Unbelievable work day, this. "Here," the man says. He fits a large hand on the back of a chair, hauls it over on a rattle of legs. The four settle neatly beside Bebe, offering her seat and repository for her dainty featherweight.

"No," Mu-Qian says, louder this time, if not to the point of actual indignity. Her sculpted brow finds a rigid set, her mouth an equally severe line. She's as porcelain pretty without makeup, but washed out, strangely younger without dusk weighing sultry on her eyelids or a humid sheen painted over her lips. "She was looking for you.

"And I was looking for Wu-Long." That doesn't make sense. Not to Ghost, who knows that Wu-Long is dead; not to Bebe, who knows that Mu-Qian knows that her husband is dead. Logan, however, undoubtedly knows better. Perhaps oddly, the healer chooses not to drill the Englishman's face with an incisored glare, doesn't quibble over the infinitesimal twitches and signs that might otherwise betray that John is about to tell some idiot lie as petty as the trespass he had committed.

No, she's herding Bebe, now, into the chair. To tend her hands.

It’s such a simple detail to overlook, especially when the opportunity to be preoccupied with excruciating levels of personal pain is apt to intervene on making astute observations, but Bebe’s hands look about six shades too bruised to be used. The only digits that appear to have been spared an abundant degree of blunt force trauma are her thumbs. That probably makes for an overwhelmingly unpleasant condition to be in; not nearly so bad as a bullet wound, though.

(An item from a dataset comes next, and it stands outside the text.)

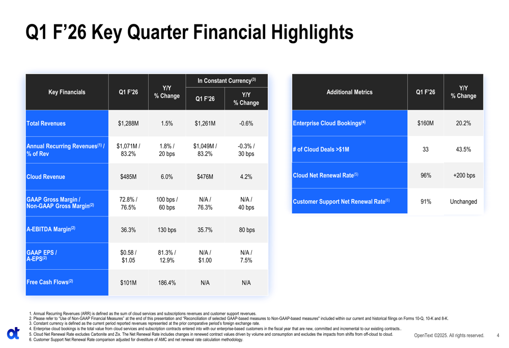 A OpenText reportou receitas totais de US$ 1,29 bilhão para o 1º tri F’26, representando um aumento de 1,5% em relação ao ano anterior. A receita em nuvem foi um ponto particularmente positivo, crescendo 6,0% para US$ 485 milhões. As receitas recorrentes anuais (ARR) atingiram US$ 1,07 bilhão, um aumento de 1,8% e representando 83,2% da receita total. A empresa melhorou significativamente seu fluxo de caixa livre, que aumentou 186,4% para US$ 101 milhões.

Remarkably, Bebe seems ill-inclined to confirm or deny what’s been said about her reckless return to the belly of a burning building and instead chooses to avert her eyes in silence and pretend that the room they’re in as suddenly become the most realistic art installation –- one most likely meant to convey the decay of the soul in the wake of disaster -– that she’s ever seen. However, try though she might, she just can’t keep her eyes off of Logan for long. It’s… pretty pathetic, actually.

She was looking for you. While that stops short at playing on the despondently out of tune heart strings in Logan's chest (only he gets to play his own tiny violin), that does make him stop, reorder the series of events he tries not to play in his head. Eloni had gotten that bit wrong, then. World-weary, Logan drags the side of his hand across his brow, watches distantly as the princess in the room - the other one - is seated.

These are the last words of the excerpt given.